# heres some of my icejigs&mormuskas



## Swede (Jan 17, 2008)




----------



## TIGGER (Jan 17, 2006)

Ice fishing! We are finally going to get a nice cold snap here. I hope it will launch the season off. My shanty is just staring me down right now in the garage.

The icefishing forum here will really start to get going here soon. Keep and eye on it. Post some of your ice fishing stuff there also. It would be neat to see the type of fish you catch over there.

Those bead bodies are some of my favorites to use for our crappies and bluegills. I like to tip them with a waxworm.

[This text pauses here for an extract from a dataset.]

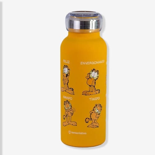 Garrafa Bubble Garfield Expressões Depois de passar o dia todo descobrindo novas brincadeiras para derrotar o tédio, você não consegue derrotar a sede? A gente te ajuda! Com 500ml de capacidade e feita em aço inoxidável, essa garrafa ajuda a manter a temperatura da sua bebida até nos dias mais quentes! Não importa qual é a aventura, essa garrafa te acompanha em todos os momentos! O produto é importado, feito em aço inoxidável e plástico, possui detalhes incríveis que vão fazer você se apaixonar! Com 500ml de capacidade, tampa rosqueável e com vedação em silicone, é a companhia perfeita para as suas aventuras diárias! Com o corpo em aço inoxidável ajuda a manter a temperatura da sua bebida por até 6h! Além de possuir uma embalagem perfeita para presentear! Não importa o tamanho da sua sede, essa garrafa está sempre pronta para te hidratar!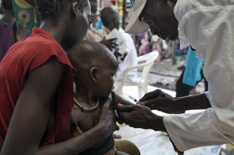 | Un enfant déplacé par les combats au Soudan du Sud se fait vacciner, dans un camp de réfugiés de Gambella, en Ethiopie, le 10 juillet 2014. |

Swede have you ever tried glow in the dark paint on them?
Thanks
John


----------



## Swede (Jan 17, 2008)

yes i´ve used glowpaint on some ,
theese are all painted with rattlecans except for the eyes


----------



## peple of the perch (Sep 13, 2004)

Nice job on the jigs. Those are exactly what I thought they would be.the mormuskas that is. do u make your own molds?


----------



## Buckeye Mike (Jan 4, 2007)

Very Nice !!!!

How about a how-to on the mormuska jigs ? look store bought.
THANKS FOR SHARING


----------



## Swede (Jan 17, 2008)

I make my molds in rtv rubber . the insect looking ones range from size 8 to 10 in hooksize . I´ve caught brown trouts ,rainbow trouts , arctic chars &perch on most of theese browns over 5 lbs rainbows over 7 & chars over 4½ lb perch around 1 lb


----------



## peple of the perch (Sep 13, 2004)

RTV rubber. How do u make them out of that? Is there any milling involved?


----------



## Swede (Jan 17, 2008)

filing & carving with chisels & stuff timeconsuming as heck when doing a master


----------